External Modules used -

xlrd - For reading the xlsx files xlsxwritrer - To write in the xlsx files

extras/trialName.py : determines the name of companies in a list of companies having individual companies in one list item. [Will try to create a separate module responsible for recognising company names and org names ie NER for companies]

extras/trialName2.py : determines the name of individuals in a list of names with junk

extras/trialEditDist.py : determines the closest matches of a word from a list of words and their ratio.

extras/files.py : python file containing all the functions in one.

filesNew.py : file containing the necessary functions and other funstions defined in other files.

getData.py : module responsible for reading the data from xlsx file and input them in various lists.

printing.py : module responsible for printing the lists.
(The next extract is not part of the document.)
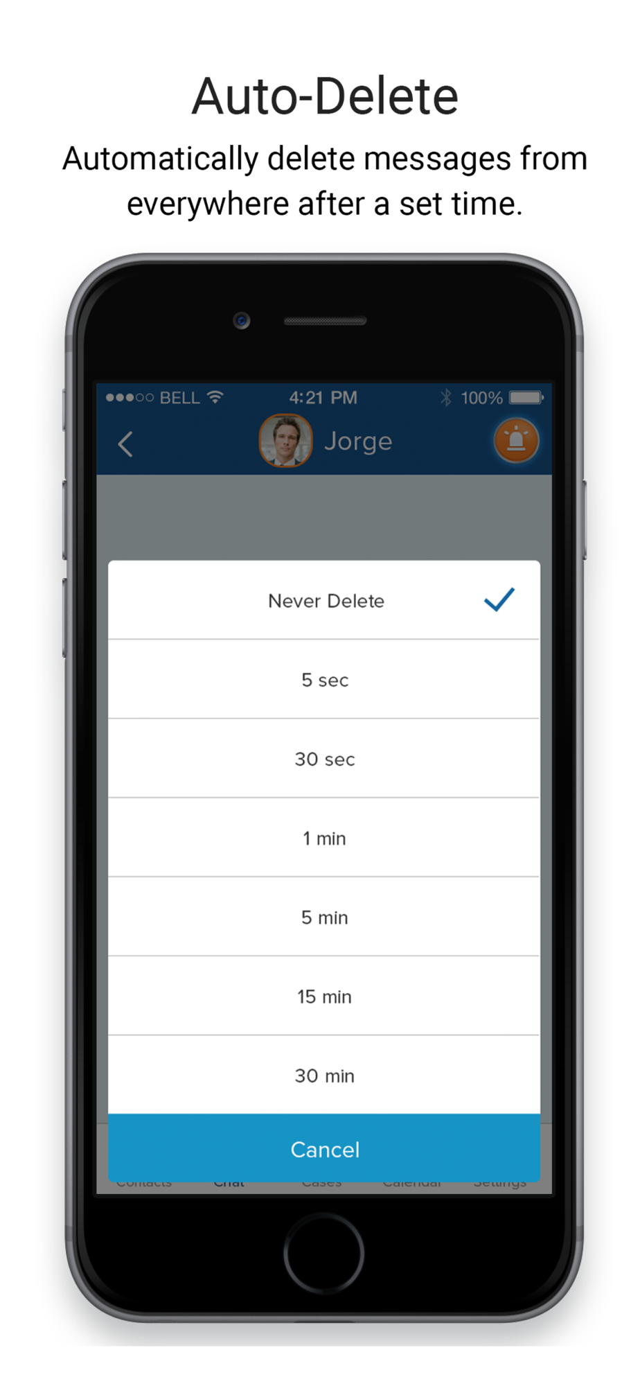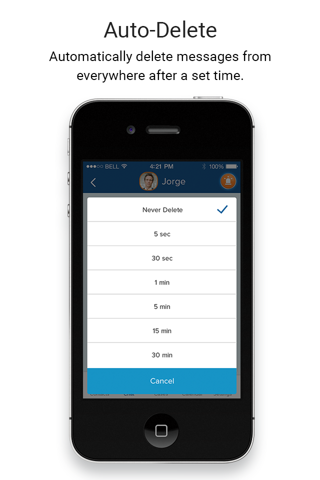 All messages, documents and images are encrypted with 256 bit encryption. You are able to recall and delete messages from every device that received it. We also do not keep a history of your messages on our servers and do not store them anywhere.
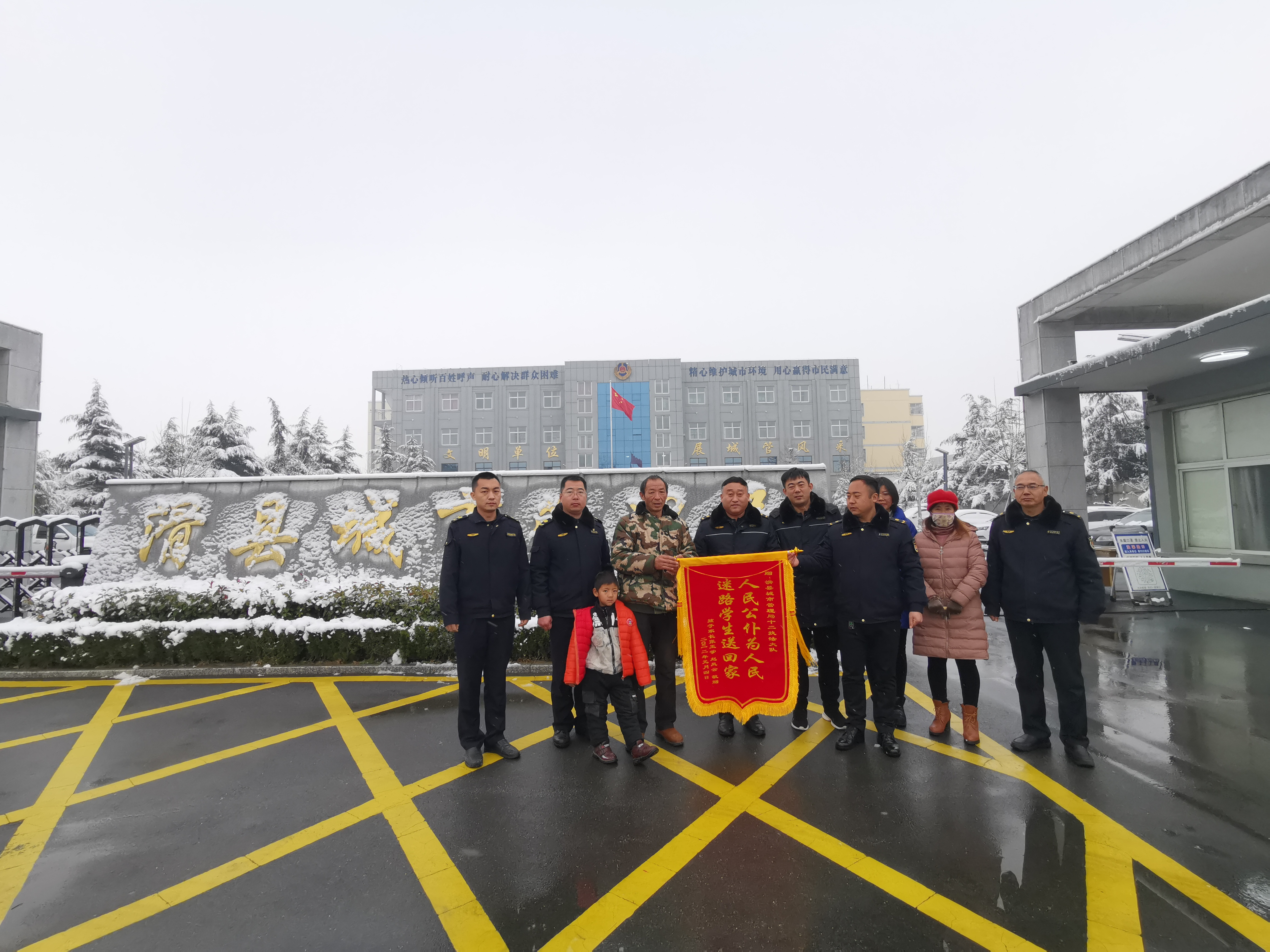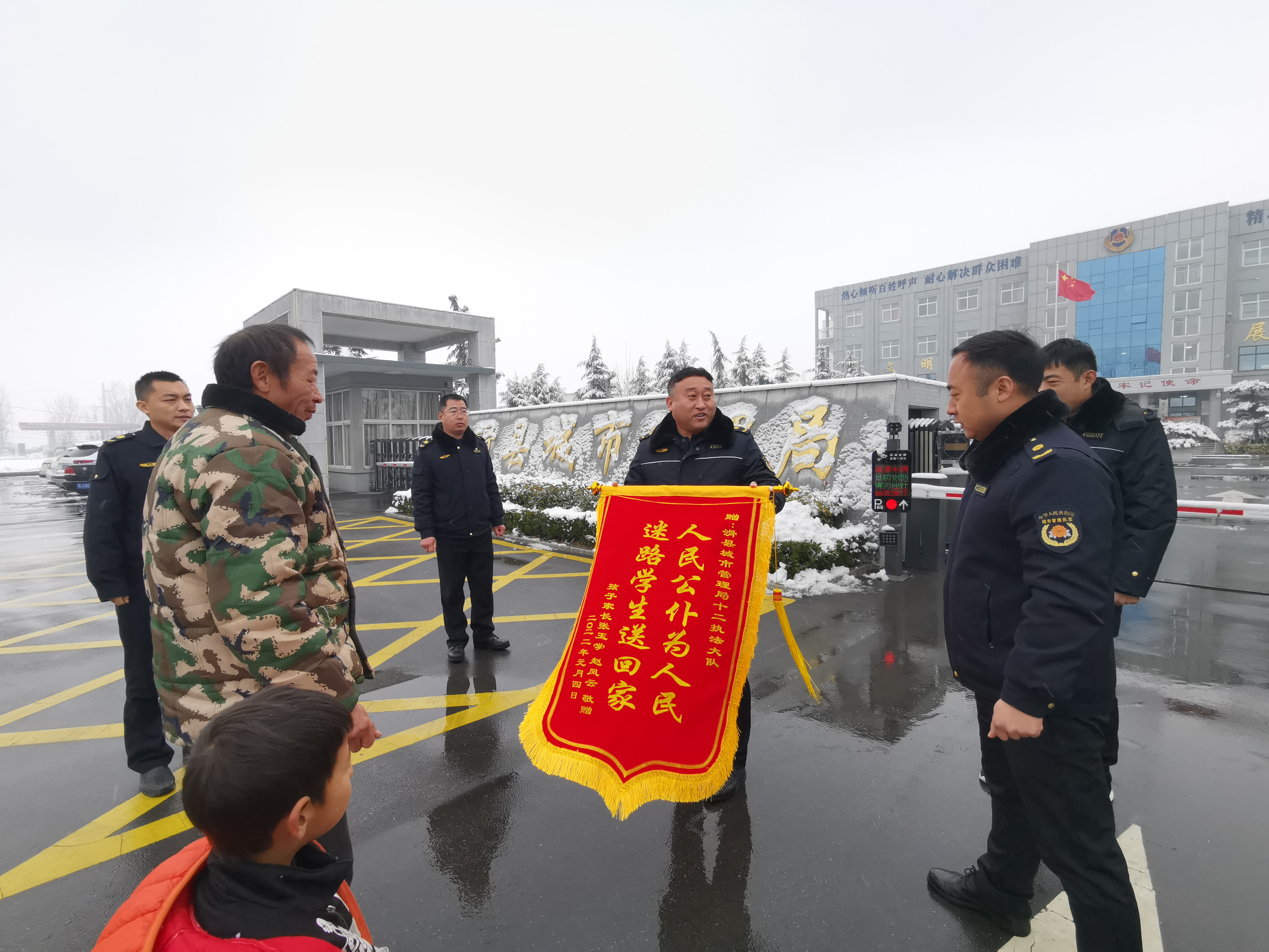 2022年1月5日上午,滑县枣村乡闫楼村村民一行三人手握一面“人民公仆为人民,迷路学生送回家”的锦旗送到滑县城市管理局,感谢城管执法队员在昨日早上将迷路女童安全送到家中。

accounts.py : module responsible for mapping the comments having the sub-strings 'cd' or 'cc' with the corresponding account numbers. If more then 1 accounts are given then it just writes interconnected, for now. Will change it later.

comp.py : module responsible for mapping direct matches, incomplete direct matches, matches with spelling mistakes in them, matches having sub-strings - 'salary', 'cash', 'atm', 'nfs', 'self', 'various'. Have to implement the method for entities in this module which will extract the unknown entities.

commons.py : module having some common functions used in other modules.

[TODO]

  • Search for acronyms of the company names. [ROSE VALLEY HOTELS AND ENTERTAINMENTS LIMITED - RVHAEL/RVHEL/RVHAE]